Vê como o MetaCompliance pode ajudar-te a controlar o risco humano.
FAQs sobre a IA Sombra
O que é a IA sombra no local de trabalho?
A IA sombra refere-se a funcionários que utilizam ferramentas de inteligência artificial que não foram aprovadas ou autorizadas pela sua organização. Isto inclui frequentemente plataformas de IA para consumidores, como o ChatGPT, ou outras ferramentas de IA generativas que são utilizadas sem supervisão, criando potenciais riscos de cibersegurança, conformidade e privacidade dos dados.
Porque é que a IA sombra é considerada um risco para a cibersegurança?
A IA sombra pode expor dados sensíveis da empresa, informações de clientes, registos financeiros ou propriedade intelectual a plataformas de IA de terceiros fora do controlo da organização. Os funcionários podem, sem saber, carregar informações confidenciais em ferramentas de IA gratuitas que não dispõem de proteção de dados a nível empresarial, aumentando o risco de fugas de dados e violações de conformidade.
Como é que as organizações podem evitar que os funcionários utilizem ferramentas de IA não autorizadas?
As organizações podem reduzir os riscos da IA sombra criando políticas claras de utilização da IA, fornecendo ferramentas de IA aprovadas, dando formação específica de sensibilização para a segurança e assegurando que os funcionários compreendem a diferença entre as plataformas de IA do consumidor e da empresa. Tornar as soluções aprovadas de fácil acesso também é essencial para desencorajar soluções alternativas arriscadas.
Que tipos de dados nunca devem ser introduzidos nas ferramentas de IA?
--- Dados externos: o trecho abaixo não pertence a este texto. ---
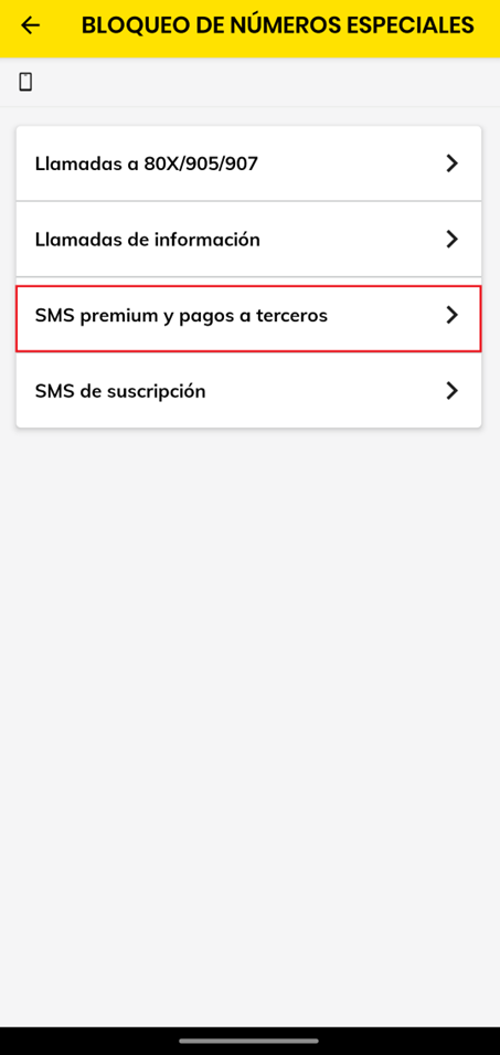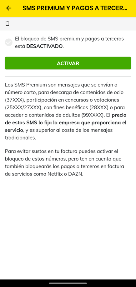 Accede a tu área de cliente> Selecciona la línea que quieres gestionar en Producto > Entra en Roaming y Ajustes > Luego en SMS Premium y pagos a terceros > Activa o desactiva el servicio pulsando el botón.

Informações sensíveis, como dados de clientes, documentos legais, registos financeiros, palavras-passe, estratégias comerciais confidenciais, ficheiros de RH e código fonte proprietário nunca devem ser introduzidos em ferramentas de IA não autorizadas. Os empregados devem seguir sempre as políticas da empresa sobre a utilização segura da IA generativa e a proteção de dados.
Porque é que a formação de sensibilização para a segurança é importante para gerir a IA sombra?
A formação de sensibilização para a segurança ajuda os colaboradores a compreenderem os riscos associados à utilização não autorizada da IA, incluindo a exposição de dados, as violações de conformidade e a perda de propriedade intelectual. A formação baseada em cenários também ajuda os funcionários a tomar decisões mais seguras sob pressão e incentiva a utilização responsável das tecnologias de IA no local de trabalho.